● **Source material**:
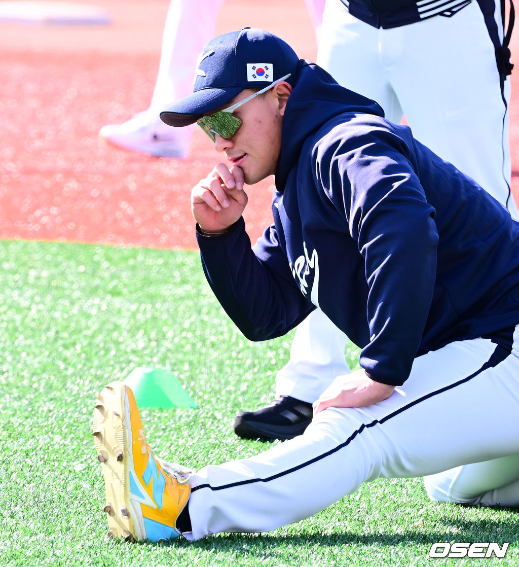 야구대표팀 안현민이 스트레칭을 하고 있다. 2025.11.02 /jpnews@osen.co.kr
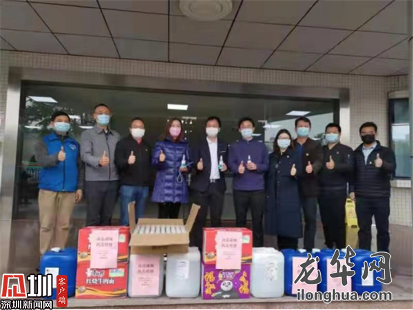 ▲2月11日,深圳市特想文化有限公司、深圳市丰盛福实业有限公司向街道捐赠20桶84消毒液、2桶酒精等一批防护物品和补给食品。
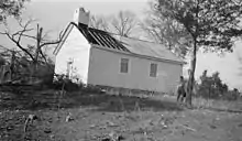 Fiducia Church, after wind damaged it, and a local boy, 1939
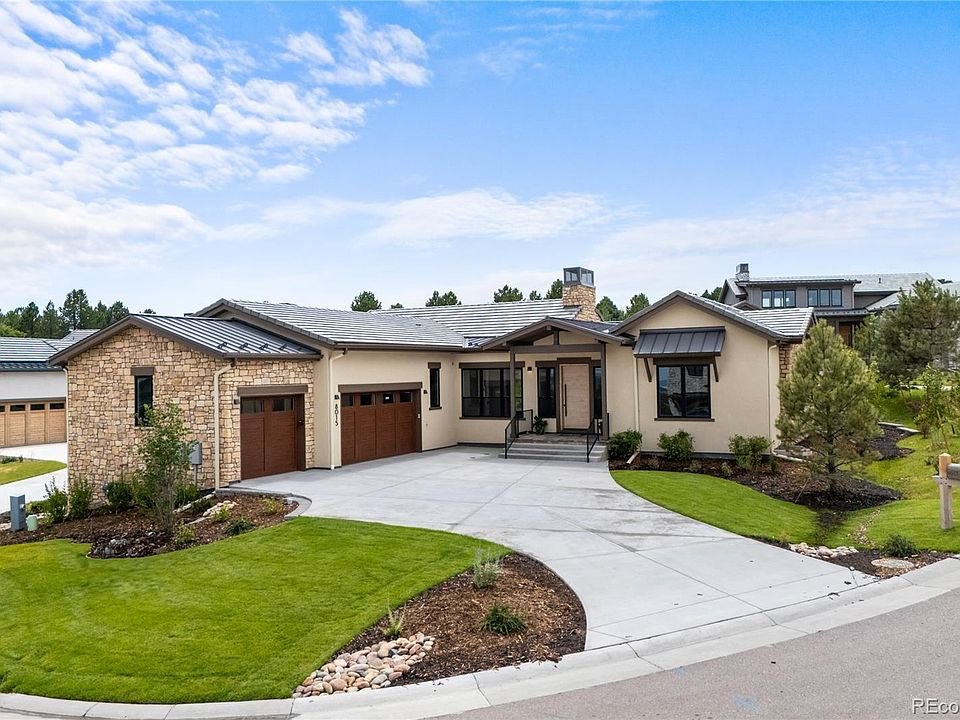 Contemporary elegance meets serene mountain living. An exquisitely designed, move-in ready, fully landscaped retreat in The Summit at Castle Pines Village. This ranch-style home combines thoughtful functionality with luxe finishes, all set on a quiet cul-de-sac. From the moment you arrive, a sense of calm takes over. Inside, soaring ceilings and wide-plank hardwood floors create an airy flow, while walls of windows bring the outdoors in. The open-concept great room centers around a dramatic fireplace and extends seamlessly to a covered outdoor living space making it easy to dine alfresco or simply unwind beneath the pines. The heart of the home is the gourmet kitchen, where high-end Wolf appliances, Quartz countertops, soft-close cabinetry, and an oversized center island invite both everyday ease and elevated entertaining. A walk-in pantry and an adjacent butler’s prep station provide ample storage and organization space. The main-floor primary suite is a private haven, featuring a spa-inspired bath with dual vanities, a freestanding soaking tub, a spacious walk-in shower, and an expansive walk-in dressing room. A main-level study at the front of the home is ideal for your executive commitments. The lower- level impresses with a sprawling rec room, stylish wet bar, and two full bedrooms with a shared bath. The space tempts fun movie nights, game days, or even easy, multigenerational living.
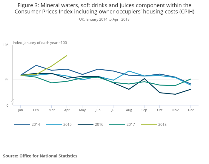 - Prices for the mineral waters, soft drinks and juices component of CPIH rose sharply in March and April 2018
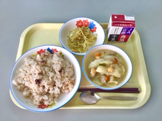 今日の給食(たこピラフ)
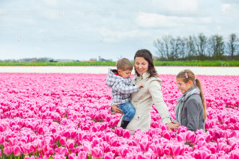 Семья на поле тюльпанов
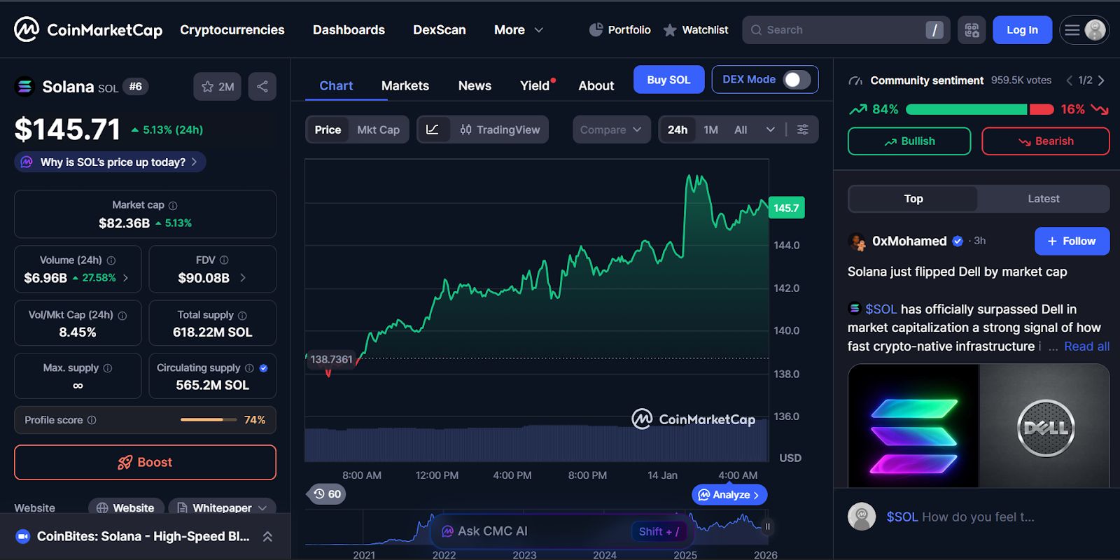 就市场地位而言,以太坊继续在智能合约领域占据主导地位。截至2026年1月,ETH的交易价格约为2520.99美元,估计市值接近3842.7亿美元,使其成为仅次于比特币的第二大加密货币。该网络保障了数千亿美元的链上价值,并支持数千个活跃应用进程,同时以太坊二层解决方案处理着日益增长的交易量。这些因素使以太坊稳居最佳投资山寨币之列,无论是散户投资者还是机构投资者都对其青睐有加。
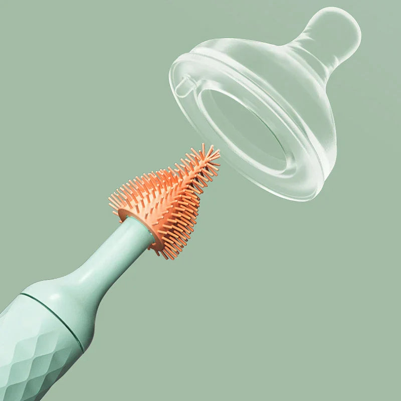 Schluss mit Schrubben und Einweichen! BottleSpark verfügt über eine starke, aber sanfte Silikonbürste, die mühelos hartnäckige Reste, Milchflecken und schädliche Bakterien aus den Flaschen deines Babys entfernt. Der 360° rotierende Bürstenkopf erreicht jede Ecke und Ritze und sorgt für eine gründliche Reinigung, die mit bloßen Händen nicht möglich ist.

● **Exercise**: Copy out only the lines beginning at the line with "Семья на поле тюльпанов" and ending at the last line of the entries. Keep them exact; drop pictures.

● **Your solution**:
 Семья на поле тюльпанов
 就市场地位而言,以太坊继续在智能合约领域占据主导地位。截至2026年1月,ETH的交易价格约为2520.99美元,估计市值接近3842.7亿美元,使其成为仅次于比特币的第二大加密货币。该网络保障了数千亿美元的链上价值,并支持数千个活跃应用进程,同时以太坊二层解决方案处理着日益增长的交易量。这些因素使以太坊稳居最佳投资山寨币之列,无论是散户投资者还是机构投资者都对其青睐有加。
 Schluss mit Schrubben und Einweichen! BottleSpark verfügt über eine starke, aber sanfte Silikonbürste, die mühelos hartnäckige Reste, Milchflecken und schädliche Bakterien aus den Flaschen deines Babys entfernt. Der 360° rotierende Bürstenkopf erreicht jede Ecke und Ritze und sorgt für eine gründliche Reinigung, die mit bloßen Händen nicht möglich ist.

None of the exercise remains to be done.